— С утра? Какого барана?
Лауре явно понравилась эта шутка, показавшаяся ей абсурдной.
— Это мое место в шахматной классификации. Выше курдистанского барана я пока не поднимался.
Лаура была готова аплодировать остроумию своего собеседника.
— А кто у нас стоит на ступеньку выше курдистанского барана?
— Сейчас посмотрим. Наверное, это… чурбан из Индостана.
— А если Чудило?
— Тогда из Вальдеморило.
— А если Кадило?
— То из Ватикана?
— Подожди, но это же не в рифму, — возразила Лаура и громко засмеялась.
— Ну и что? Пусть я буду называться Кадило из Ватикана.
Глава двенадцатая Разворот доски на 180 градусов
Глава двенадцатая
Разворот доски на 180 градусов
Хулио внял совету Андреса Ольмо и взялся проштудировать Ламетри и де Сада. В трудах маркиза излагалась философия, которую Омедас готов был назвать химически чистой аморальностью. В своих трудах Сад преспокойно превращал зло в добро, освобождал человека от внутренних запретов и ограничений.
Помимо этих произведений Хулио перечитал и «Цветы зла» Шарля Бодлера. Эта книга внушала ему искреннее почтение и уважение к болезненному существу, терзаемому внутренними сомнениями и противоречиями, мечущемуся между страстью к преодолению границ и запретов и глубоким осознанием собственной вины и греховности.
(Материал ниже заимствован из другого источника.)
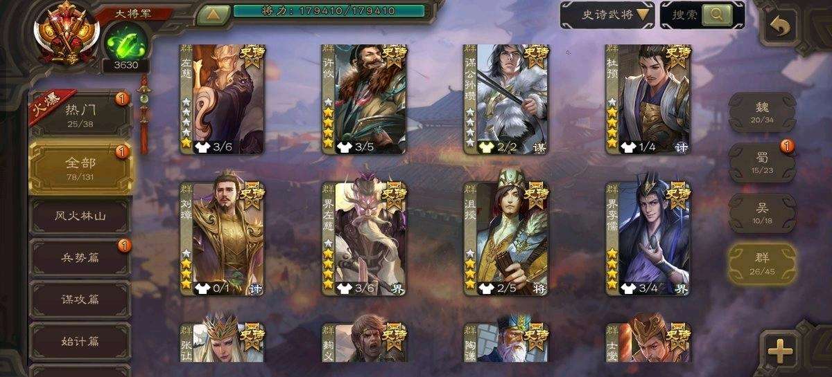【移动互通版】v13一等大将军✨78史诗68动皮✨动态神荀彧神郭嘉刘焉司马昭神甘宁谋黄盖谋公孙瓒审配星董卓庞德公南

Зло, по Бодлеру, было искушением, сладким пьянящим запахом, наркотически притягательным ядом для души. «Дьявол дергает за те ниточки, что заставляют нас двигаться, действовать и поступать так, а не иначе». В красоте, в понимании Бодлера, всегда были скрыты и страх, и инстинктивная тяга к убийству себе подобного. Для него, как и для де Сада, зло было особым деликатесом, редким сокровищем, доступным лишь возвышенным душам, воспарившим над обыденностью. Разница между ними заключалась в том, что, по мнению Бодлера, эта сумрачная муза зла заставляла дорого платить за свою любовь и вела к безумию какого угодно человека, вкусившего ее прелестей.
Для самого Хулио квинтэссенция зла была воплощена в Курце — зловещем персонаже из «Сердца тьмы», безумного романа, порожденного воспаленным разумом Джозефа Конрада, как галлюцинация в малярийном бреду. Эти страницы были для Омедаса тренировкой погружения в абсолютный, изначальный ужас. Курц оказался воплощением гедонистического отношения к власти над окружающими, этаким одиноким божком, возвышающимся над толпой дикарей. Его душа была свободна от каких бы то ни было моральных ограничений. Эта нравственная пустота охватывала все, к чему он прикасался. В отличие от Сада и Бодлера в романе Конрада зло не несло в себе ничего возвышенного, человеческого или хотя бы попросту достойного. По Конраду, оно представляло собой смерть, абсолютное ничто, полную пустоту.